In a 75-second video clip published on the website of Aufstehen (Stand up) movement, she said that Germans also need to raise their voices neglected by politicians for many years. Wagenknecht's Twitter account was blocked, after giving the yellow vest message to the German people.

"I think we also need such pressure in Germany," Wagenknecht said in her video. Taxes, pensions and wages also "are always policies for wealthy clients and large companies," she said, as reported by the German newspaper, Der Tagesspiegel. "There must be more resistance in Germany, and here too we need many people who are ready to go the street," she said.

German Chancellor Angela Merkel earlier referred to the far-left Die Linke party's support for France's yellow vest movement as "scandalous." Speaking in parliament, Merkel slammed the party's members for having "said nothing about the violence that has been employed on the streets" during the anti-government protests in France. Merkel also called on the far-left party to distance itself from the riots.

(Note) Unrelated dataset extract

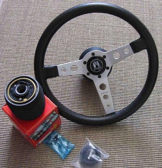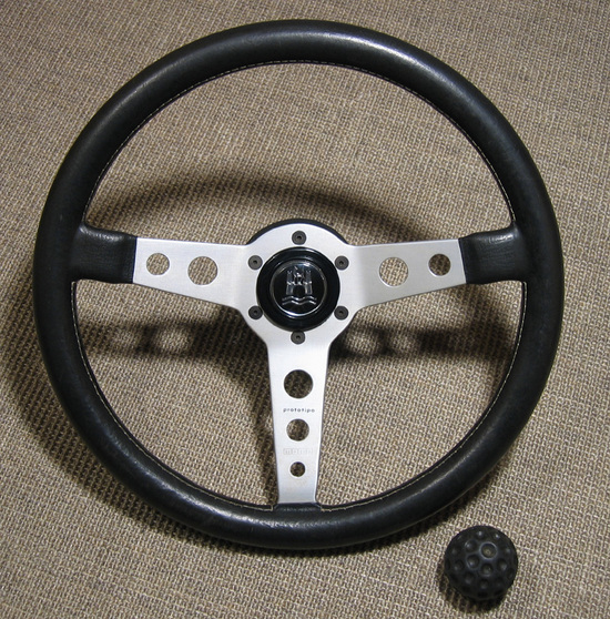 Et styk 14" Momo Prototipo læderrat fra dengang mor var dreng og servostyring en by i Texas. Standen er overordenlig fin og navet passer VW m.v. fra før 1988 (den tynde ratstamme) dytteriet er med Wolfsburg logo. Jeg har også en golfkugle liggende et eller andet sted

However, the attitude of the left to the protest movement is not clear. Die Linke's Wagenknecht said the French protests were a role model for Germany, while party leader Bernd Riexinger said "fraternization" between left and right-wingers in the yellow vest movement was worrying.

In September, Wagenknecht launched the new political movement, Aufstehen, saying the people of Germany "no longer feel represented by those in power." "In a country where, despite economic growth, 40 percent of residents have less net income than 20 years ago, democracy is no longer working," Wagenknecht said, speaking at a press conference in Berlin.

According to the German Socialist Equality Party (SGP) reports, many German workers have had an affinity for the yellow vest protests in France. Since mid-November, protesters wearing yellow safety bibs have taken to the streets and blocked roads and roundabouts around France. The protests led to huge rioting and clashes in Paris earlier this month. The largely leaderless movement initially opposed planned fuel tax rises, now canceled, but has since raised a wider range of demands including higher wages, tax cuts and a constitutional amendment to allow voters to initiate referendums on policy issues.

On Friday, France's parliament approved a spending package meant to placate the yellow vest protesters. The legislation calls for overtime pay to be exempt from taxes and ancillary employment costs from next year.

France's prime minister met yesterday with police officers targeted by violent yellow vest protesters, in a show of support amid growing concerns about growing brutality from both sides over the weekend.